De aanleg van zonnepanelen of warmtepompen valt bijvoorbeeld niet onder de op te leggen voorzieningen. Onder meer isolatie die aan hoofdstuk 5 van het Bouwbesluit 2012 voldoet, valt hier weer wel onder. De eigenaar dient de kosten van de verduurzaming, behoudens mogelijke subsidies, zelf te dragen (Hoops, Exterkate & Hasnaoui, Gst. 2020/54).

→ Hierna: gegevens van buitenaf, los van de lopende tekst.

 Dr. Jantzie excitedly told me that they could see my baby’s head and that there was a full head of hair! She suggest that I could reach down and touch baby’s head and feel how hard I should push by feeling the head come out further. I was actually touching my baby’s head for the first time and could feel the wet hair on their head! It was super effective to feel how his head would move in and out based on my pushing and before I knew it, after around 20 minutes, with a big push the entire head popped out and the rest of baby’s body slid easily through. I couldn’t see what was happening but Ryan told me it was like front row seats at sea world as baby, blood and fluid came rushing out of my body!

Deugdelijk motivering en rechtsbescherming

Een drempel voor gemeentes om via artikel 13 woningwet effectief bij te dragen aan de reductie van broeikasgassen kan zijn dat het college per gebouw of bouwwerk een afzonderlijk besluit moet nemen. Het college moet deugdelijk motiveren waarom in een specifiek geval verduurzamingsvoorzieningen noodzakelijk zijn (Kamerstukken II 2003/04, 29392, nr. 3, p. 6.).

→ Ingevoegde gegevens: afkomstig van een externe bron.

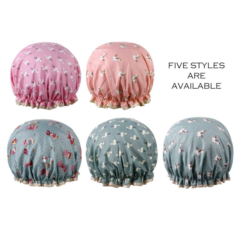 - 🛀【Double Layers Waterproof】The outer layer of this shower cap for women is made of high-grade polyester cotton, soft waterproof inner layer adopts eco-friendly PEVA material. The elasticity of the large cap is just right, and the leak-proof design keeps the hair firm during shower or dressing.

Een enkele verwijzing naar een beleidsplan lijkt daarvoor onvoldoende. Steeds moet worden gemotiveerd waarom een afwijking van de minimumeisen van het Bouwbesluit noodzakelijk is, zo bleek eerder al uit een uitspraak van de Rechtbank Amsterdam van 18 januari 2012:

“Hieruit volgt naar het oordeel van de rechtbank dat verweerder de noodzaak van de te treffen voorzieningen concreet, per geval, dient te motiveren. Hierbij mag een complexmatige aanpak wel als uitgangspunt gelden, maar deze aanpak ontslaat verweerder niet van de verplichting om specifiek voor het pand aan de [adres] te motiveren waarom in dit geval energiebesparende maatregelen noodzakelijk zijn. Het enkel verwijzen naar beleid, zoals verweerder in dit geval heeft gedaan, is onvoldoende. Hieruit volgt immers nog niet de concrete noodzaak voor het aanbrengen van glas- en dakisolatie voor het pand aan de [adres].”

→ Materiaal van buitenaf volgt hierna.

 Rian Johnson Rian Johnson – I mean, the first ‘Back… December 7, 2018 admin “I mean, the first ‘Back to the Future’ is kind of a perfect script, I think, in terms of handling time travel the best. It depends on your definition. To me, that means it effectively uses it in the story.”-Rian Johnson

Wanneer het college gebruik wil maken van artikel 13 Woningwet staan tegen een op die basis genomen besluit de rechtsbeschermingsmogelijkheden van de Algemene wet bestuursrecht (Awb) open.

De praktijk

Hoewel de verduurzaming van woningen noodzakelijk is om de uitstoot van broeikasgassen door de bestaande gebouwen in Nederland te reduceren, bleek uit voornoemd onderzoek uit 2020 (Gst. 2020/54) dat slechts 8,47% van de aan het onderzoek deelnemende gemeentes over een tijdsspanne van 7 jaar gebruik heeft gemaakt van de bevoegdheid uit artikel 13 Woningwet. Bovendien blijkt uit dit onderzoek dat slechts 1 van de 65 deelnemende gemeentes artikel 13 Woningwet heeft ingezet voor het doeleinde ‘verduurzaming door energiezuinigheid’.

Slot

De reductie van de uitstoot van broeikasgassen is een toenemend maatschappelijk én beleidsmatig speerpunt, zeker na het arrest van de Hoge Raad van 20 december 2019 (Staat/Urgenda) en het Akkoord van Parijs. Hoewel we dit in de praktijk (nog) niet vaak zien gebeuren kunnen gemeentes, zij het op kleine schaal, ook een bijdrage leveren met een decentrale verduurzamingsaanpak door eigenaren van gebouwen via artikel 13 Woningwet te verplichten om daaraan verduurzamingsvoorzieningen te treffen teneinde de uitstoot van broeikasgassen te reduceren.